Gene copy-number changes and chromosomal instability induced by aneuploidy confer resistance to chemotherapy.

机构信息

Department of Experimental Oncology at IEO, European Institute of Oncology IRCCS, Via Adamello 16, 20139 Milan, Italy.

European Research Institute for the Biology of Ageing, University of Groningen, University Medical Center Groningen, 9713 AV, Groningen, the Netherlands.

出版信息

Dev Cell. 2021 Sep 13;56(17):2440-2454.e6. doi: 10.1016/j.devcel.2021.07.006. Epub 2021 Aug 4.

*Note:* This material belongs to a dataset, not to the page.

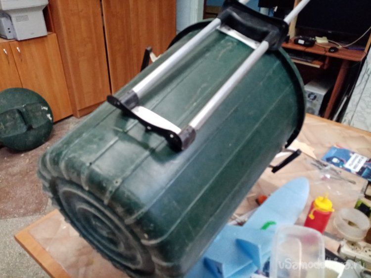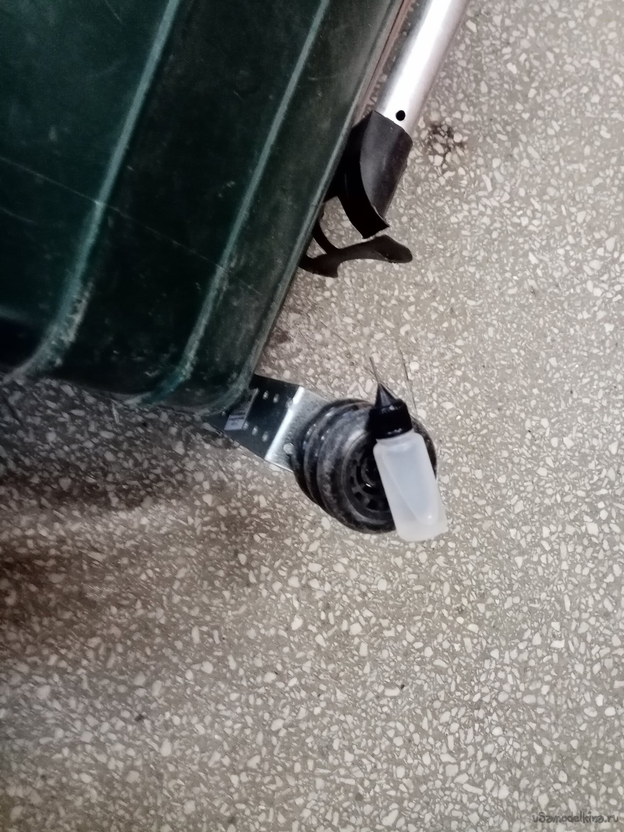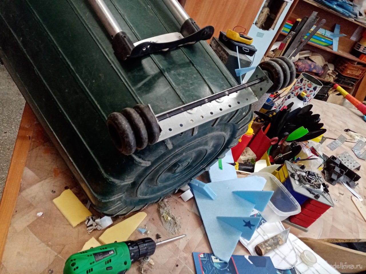 И вот в этом напряженном транспортном трафике возникла неожиданная задержка. Сломалось шасси мусорного бака. Которое я некоторое время назад собрал из двух туристических сумок. Из одного выброшенного комплекта изъято было само шасси. Из другого чемодана складывающаяся ручка.

DOI:10.1016/j.devcel.2021.07.006
PMID:34352223
Abstract

Mitotic errors lead to aneuploidy, a condition of karyotype imbalance, frequently found in cancer cells. Alterations in chromosome copy number induce a wide variety of cellular stresses, including genome instability. Here, we show that cancer cells might exploit aneuploidy-induced genome instability and the resulting gene copy-number changes to survive under conditions of selective pressure, such as chemotherapy. Resistance to chemotherapeutic drugs was dictated by the acquisition of recurrent karyotypes, indicating that gene dosage might play a role in driving chemoresistance. Thus, our study establishes a causal link between aneuploidy-driven changes in gene copy number and chemoresistance and might explain why some chemotherapies fail to succeed.

摘要

有丝分裂错误导致非整倍体,即染色体组不平衡的一种情况,在癌细胞中经常发现。染色体拷贝数的改变会引起多种细胞应激,包括基因组不稳定。在这里,我们表明癌细胞可能利用非整倍体诱导的基因组不稳定性和由此产生的基因拷贝数变化,在选择性压力下生存,如化疗。对化疗药物的耐药性是由反复出现的核型获得决定的,这表明基因剂量可能在驱动化疗耐药性方面发挥作用。因此,我们的研究在非整倍体驱动的基因拷贝数变化与化疗耐药性之间建立了因果关系,并可能解释为什么某些化疗药物未能成功。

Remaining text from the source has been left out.